The Lyceum for Dictators and Mass Killers was established by a divine on the urges of a higher divine. Moses caused the first divinely inspired massacre of 300,000 men for the huge crime of “worshipping a golden calf”. As enshrined in the Exodus, he directed the Levites, who had refused to participate in this “heinous crime”, to “go from gate to gate throughout the camp, and slay every man his companion and every man his neighbour”. As in many subsequent massacres, the women were spared as they would make dutiful wives. The Book of Numbers as well as Deuteronomy record and Psalms sing of the massacre of King Og’s people in his sixty cities destroying “every city, men, women and children.” Perhaps women of Og’s realm refused to become dutiful wives and bringing up children without mothers was an act of cruelty to those children. Krishna persuaded Arjuna to destroy the Kaurava army because they had taken recourse to the path of evil making Mahabharata a righteous war that produced the righteous outcome of the slaughter of soldiers that had joined the war from every corner of India. Conquest through killings is always glorious as was that of the Romans over Carthage that destroyed the city and its half-a-million inhabitants. The Romans destroyed the Celts of Britain and perhaps that is one of the resons it later became “Great Britain”, because it metamorphed to become the killers’ “Roman Britain” from being the victims’ “Celtic Britain”, proving that only when victory has the seasoning of mass killings that it becomes the essential milestone on the path to greatness. Had Hitler prevailed in WW II, he might have been awarded the appellation “The Great”.

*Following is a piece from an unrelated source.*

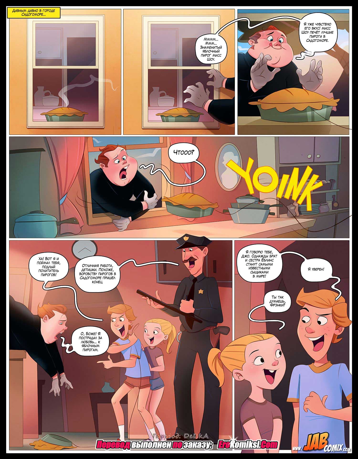 В тихом городе со скромным названием Садогомора завёлся неуловимый похититель яблочных пирогов. Город так бы и страдал от проделок вора, если бы брат и сестра Ёблинс не поймали его на живца. Они выставили на столе у открытого окна свежий, ароматный яблочный пирог и засели в засаду. В эту ловушку и попался вор. Им оказался местный священник. После такого успеха, брат и сестра Ёблинс решили, что когда они вырастут, то станут лучшими сыщиками Садогоморы…

The Russians and the Chinese have been always ruled by dictators, whether with a lineage or without one. Naturally, there was a demand for the Lyceum for Dictators to be shifted to one of these Holy Lands for mass killers. It was eventually moved to China recognising the fact that it had a lot more people to kill than Russia and hence, any Russian dictator could not ever aspire to outdo the Chinese dictators in the business of death. It has been there ever since, having produced a succession of glorious alumni and killing festivals including the Yangzhou and Guangzhou massacres of foreign traders in the Tang Dynasty and the Ran Min massacres of the Jie and Wu Hu, during which the ruler decreed to kill all men, women and children. The litany continues with the massacres of the Chinese during the Mongol conquest of China and the subsequent massacre of the Mongols by the Chinese. The Kuomintang, who later retreated to Taiwan, killed close to half-a-million when they ruled the mainland and Japanese killed an equal number when they occupied it. Yet the place of pride belongs to Mao who is “credited” with the death of 70 million Chinese through forced labour and famine and with inventing a new mass killer, the Cultural Revolution. His successors could kill only smaller numbers at Tiananmen Square and in the campaign against Falun Gong. Xi Jinping appears to be in the race with Mao, with predictions of up to two million deaths in the next three months of his “optimization” of Covid as he moved from Zero-Covid at the stroke of midnight on December 7, freeing people from the lockdowns. Of course, (The Great) Britain is credited with the first “Freedom at Midnight” on August 15, 1947 that resulted in the deaths of two million and displacement of another 15 million. Even the baby proteges of China like the dynasty in North Korea (one million) and Cambodia’s Pol Pot (two million) won the title of “mass killer” though falling short of being “The Great”. Yet, it showed that the quest for greatness sailing on the Red river of blood runs in the Communist blood.

If Xi Jinping decides to invade Taiwan, he may surpass Mao in causing deaths in the ensuing conflagration that is likely to be joined by many nations and may even result in the extinction of mankind. We hope that at least one historian will survive that holocaust to etch “The Great” after the name of Xi Jinping and to recognise and record him as the most illustrious student of the Lyceum for Dictators.